● **EXERCISE AIM**
Repeat the listing below line by line, exactly, leaving its pictures behind.

● **DATA SEGMENT**
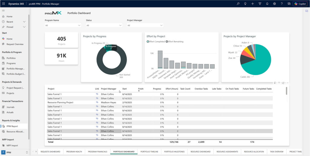 Die Anpassung eines Zeitplans kann sich auf gemeinsame Rollen auswirken, und eine Verschiebung des Budgets kann andere Verpflichtungen beeinflussen. Ohne einen klaren Überblick über diese Zusammenhänge verlangsamen sich Entscheidungen. Durch die Zusammenführung von Portfolio-, Ressourcen-, Finanz- und Risikoinformationen in entscheidungsorientierten Dashboards verwandelt proMX 365 Project Portfolio Management Transparenz in praktische, tägliche Portfoliokontrolle.
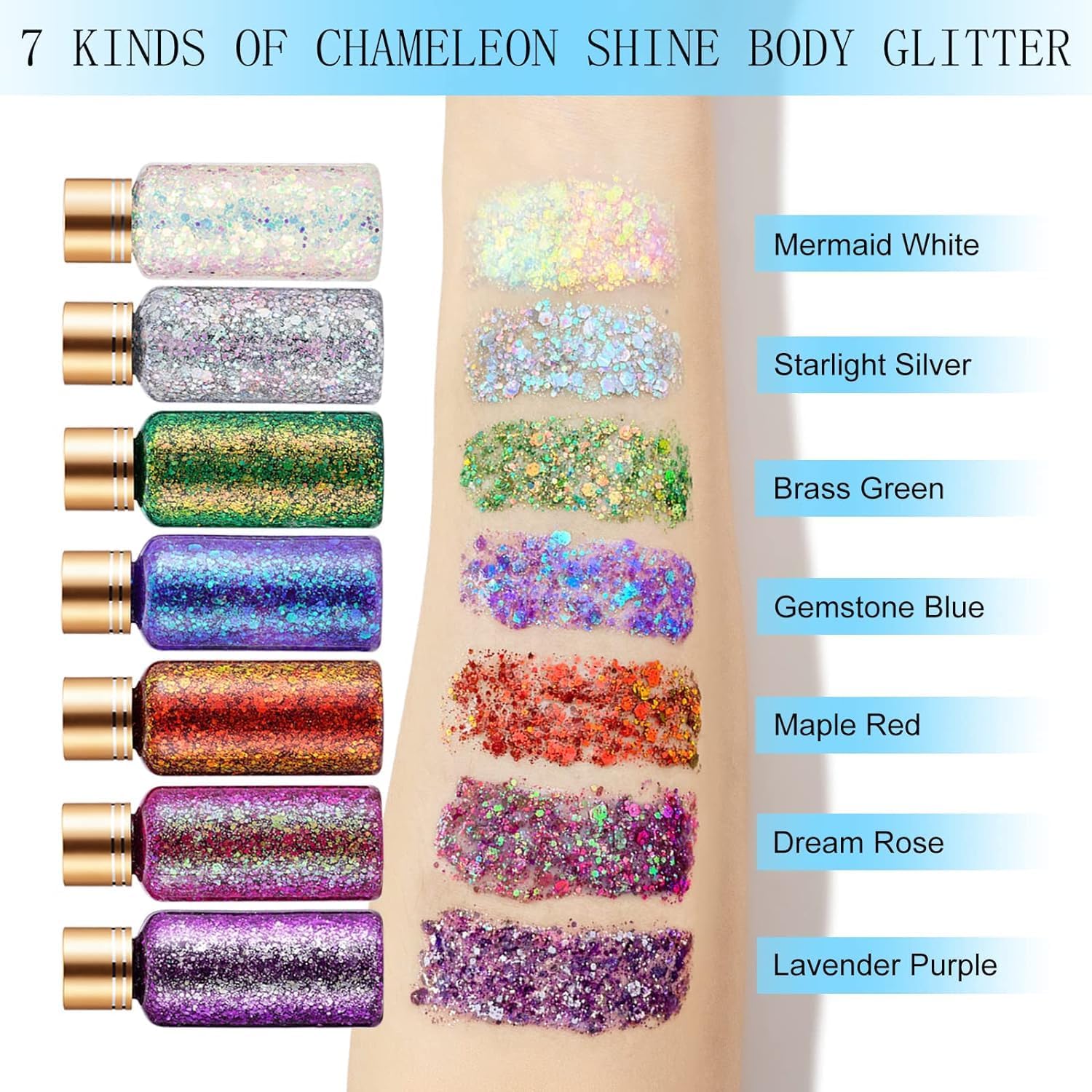 - MULTIPLE COLORS AVAILABLE : Our Holographic chunky Body Glitter contains a variety of colors for you to choose from, including Green Gold, Maple Red, Gemstone Purple, Starlight Silver, Lavender Purple, Dream Rose, Clear White, Cute Pink, Pure Gold, Cool Black and more. It is the ultimate recipe to makeing you the most popular on stage!
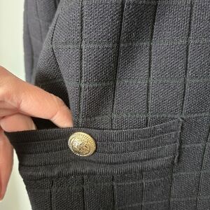 Beautiful black checkered cardigan with ornate gold lion buttons. Two front pockets. Full front buttoned closure.

● **OUTPUT FOR THIS EXERCISE**
 Die Anpassung eines Zeitplans kann sich auf gemeinsame Rollen auswirken, und eine Verschiebung des Budgets kann andere Verpflichtungen beeinflussen. Ohne einen klaren Überblick über diese Zusammenhänge verlangsamen sich Entscheidungen. Durch die Zusammenführung von Portfolio-, Ressourcen-, Finanz- und Risikoinformationen in entscheidungsorientierten Dashboards verwandelt proMX 365 Project Portfolio Management Transparenz in praktische, tägliche Portfoliokontrolle.
 - MULTIPLE COLORS AVAILABLE : Our Holographic chunky Body Glitter contains a variety of colors for you to choose from, including Green Gold, Maple Red, Gemstone Purple, Starlight Silver, Lavender Purple, Dream Rose, Clear White, Cute Pink, Pure Gold, Cool Black and more. It is the ultimate recipe to makeing you the most popular on stage!
 Beautiful black checkered cardigan with ornate gold lion buttons. Two front pockets. Full front buttoned closure.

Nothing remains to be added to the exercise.